Keywords: adaptive radiotherapy, ART, FMEA, patient safety, QA
I. INTRODUCTION
Adaptive radiotherapy (ART) has garnered tremendous attention for years. In a departure from traditional treatment schemes employing a single static plan, ART incorporates anatomical feedback to guide dynamic plan adaption throughout treatment.1 By monitoring the geometric or biological variations of changing anatomy and modifying the plan accordingly, both normal tissue avoidance and target coverage can be optimized. Due to the advantages it may offer, there has been massive interest in ART as a potentially superlative treatment technique for patients who experience substantial anatomical changes throughout treatment, including weight loss or gain, tumor shrinkage or growth, anatomical deformation and motion, and even metabolic or functional changes of the tumor. Publications on tools, techniques, and potential benefits of ART are plentiful. Investigational studies demonstrating significant improvement in treatment efficacy using adaptive techniques1,2 have motivated clinical implementation. The first reports of ART in a clinical setting are now emerging and reveal dosimetric advantages in the pelvis and head and neck.1,2
But despite the myriad of promising studies and sophisticated technology supporting clinical use of ART, its unique quality assurance (QA) challenges pose a major barrier. Standard forms of QA, such as detailed pretreatment plan reviews, are impractical when imaging, planning, and treatment delivery occur within minutes, not days or weeks. There are no clear answers as to how ART (especially intensity-modulated ART) will practicably fit within a quality assurance scheme that is both safe and efficient. Recent position papers by ASTRO and AAPM have firmly endorsed pretreatment patient-specific IMRT QA, which places online intensity-modulated ART at odds with the customary, time-tested practice of traditional phantom-based IMRT QA. Furthermore, there is considerable uncertainty surrounding the potential risk and impact of ART-based errors. While analyses of radiotherapy error records from the last few decades have shed light on the origin and management of common treatment errors,3 no such data exist for ART. Because adaptive techniques can involve an expedited timeframe from planning to delivery, introduce additional sources of potential failure, and entail unique QA challenges that are not well-handled by current QA tools, there is a common belief that ART is inherently riskier than standard radiotherapy. However, there are no data demonstrating the magnitude or distribution of these risks throughout the ART process.
Given the scope of these challenges and degree of risk uncertainty, no robust quality management strategy has been established for ART. The lack of a framework for the safe implementation of ART continues to deter its practice, while the lack of ART practice limits the implementation of data-driven quality management.
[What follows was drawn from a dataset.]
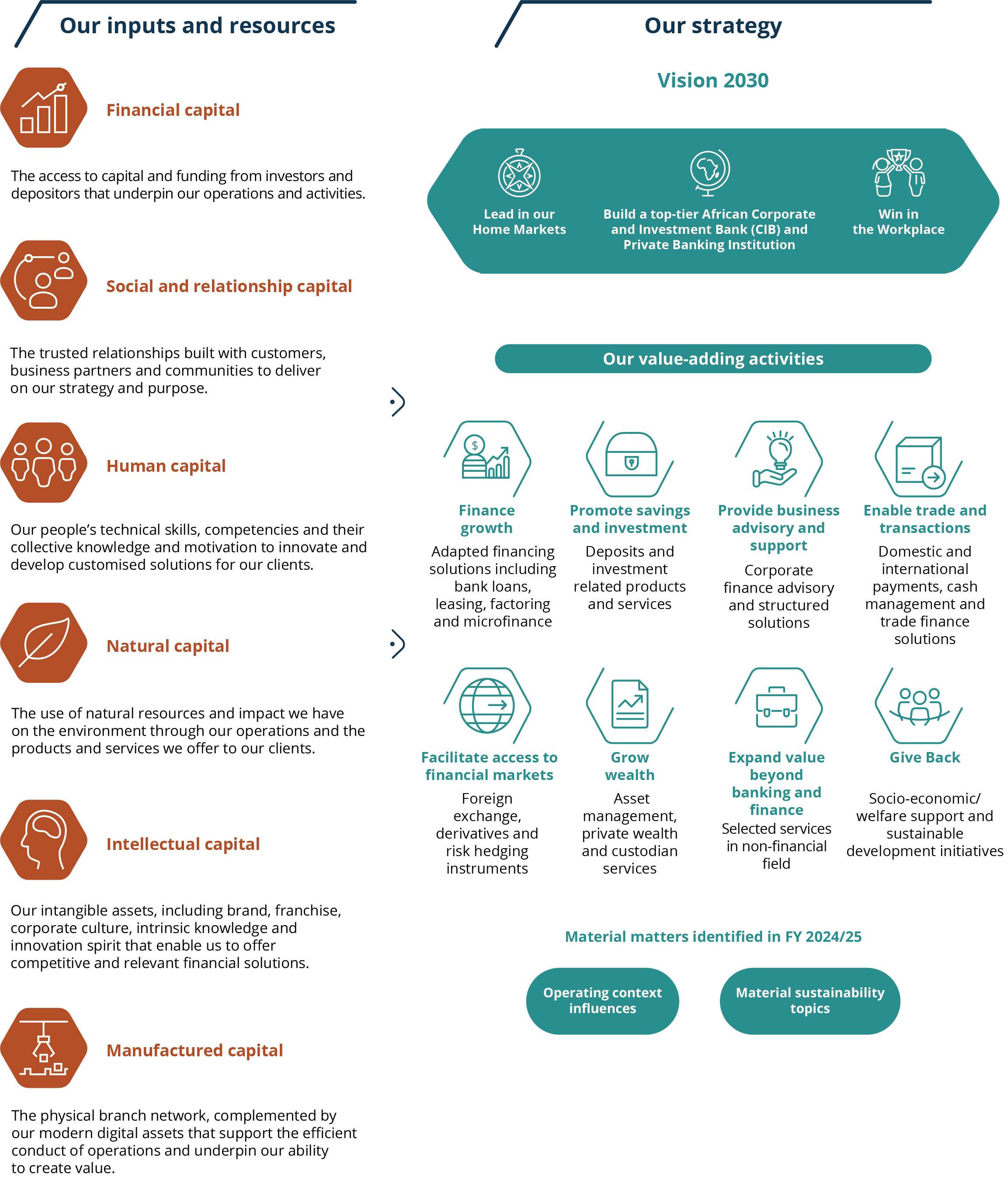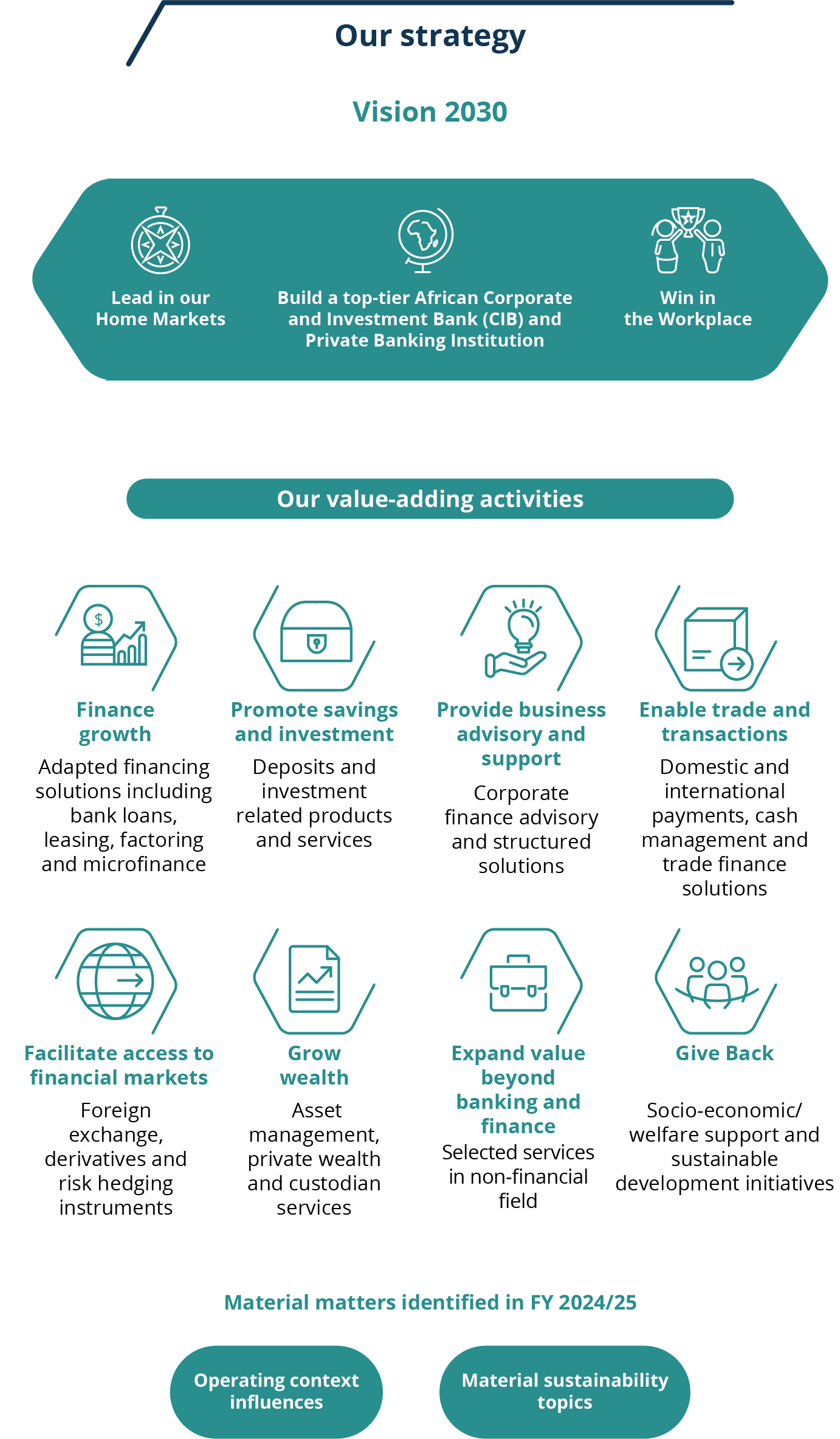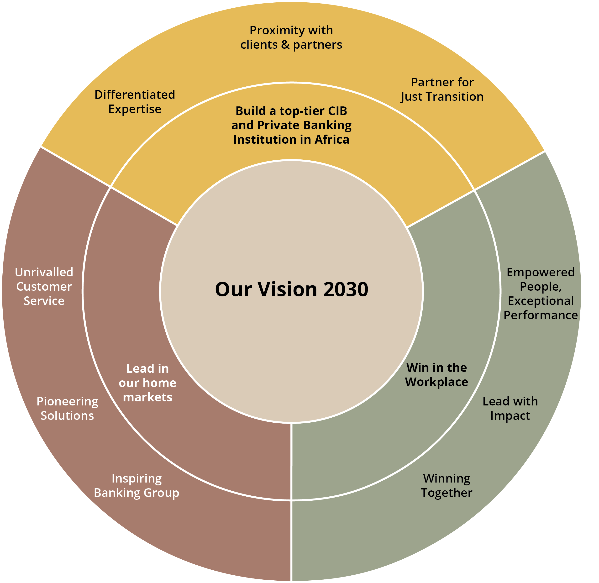 Guided by the ambition outlined in Vision 2030, we have defined our strategic priorities to shape our direction and actions over the next five years in a fast-changing world. These priorities are articulated around three pillars (i) leading in our home markets, namely Mauritius, Madagascar, Seychelles and Maldives by driving innovation, uplifting customer experience and supporting inclusive economic development; (ii) establishing ourselves as a top-tier Corporate and Investment Bank and Private Banking institution in Africa, contributing to the continent’s socio-economic progress through trade, investment and support for a just transition; and (iii) creating a winning workplace that empowers people and fosters innovation. In doing so, we seek to create lasting value for our stakeholders and contribute to a sustainable and inclusive future.

We aim to address this void by employing a process-based approach, which has recently been endorsed by community experts as a means to optimize radiotherapy safety strategies,4–6 to evaluate the QA and safety needs for implementation of ART. Since ART-based error data currently do not exist, process-based analysis was performed using expert-based data from the forthcoming AAPM task group 100 (TG-100) as a baseline. Failure mode and effects analysis (FMEA) was used to identify and quantify risks for potential errors occurring during ART. For simplicity, a single scheme—online intensity-modulated ART with an integrated imaging, planning, and treatment system—was considered here. Through evaluation of the ART risk profile, vulnerabilities in the ART process were identified and quality control (QC) strategies are discussed to address high-priority QA and safety needs.
II. METHODS AND MATERIALS
II.A. FMEA
FMEA involves the identification of process-based failure modes and their associated risks. Risk assessment is achieved by establishing (1) the probability of occurrence for each possible failure (O), (2) the severity of the failure effect if unmitigated (S), and (3) the probability that the failure will be undetected (D). Each is rated with a value from 1 (low probability/severity) to 10 (high probability/severity), and multiplied to achieve a single risk priority number (RPN)
(1) |
II.B. FMEA for ART
An experienced team comprised of two clinical medical physicists, one clinically trained engineer, and one radiation oncologist was assembled. FMEA was executed for an online intensity-modulated ART scheme performed on an integrated (i.e., sharing a single database) planning, onboard imaging, and treatment device equipped with some version of automated or semiautomated segmentation/planning software. A set of 216 radiotherapy failures composed by the forthcoming AAPM TG-100 was used as a basis for analysis6 (Saiful Huq, personal communication, March 13, 2013).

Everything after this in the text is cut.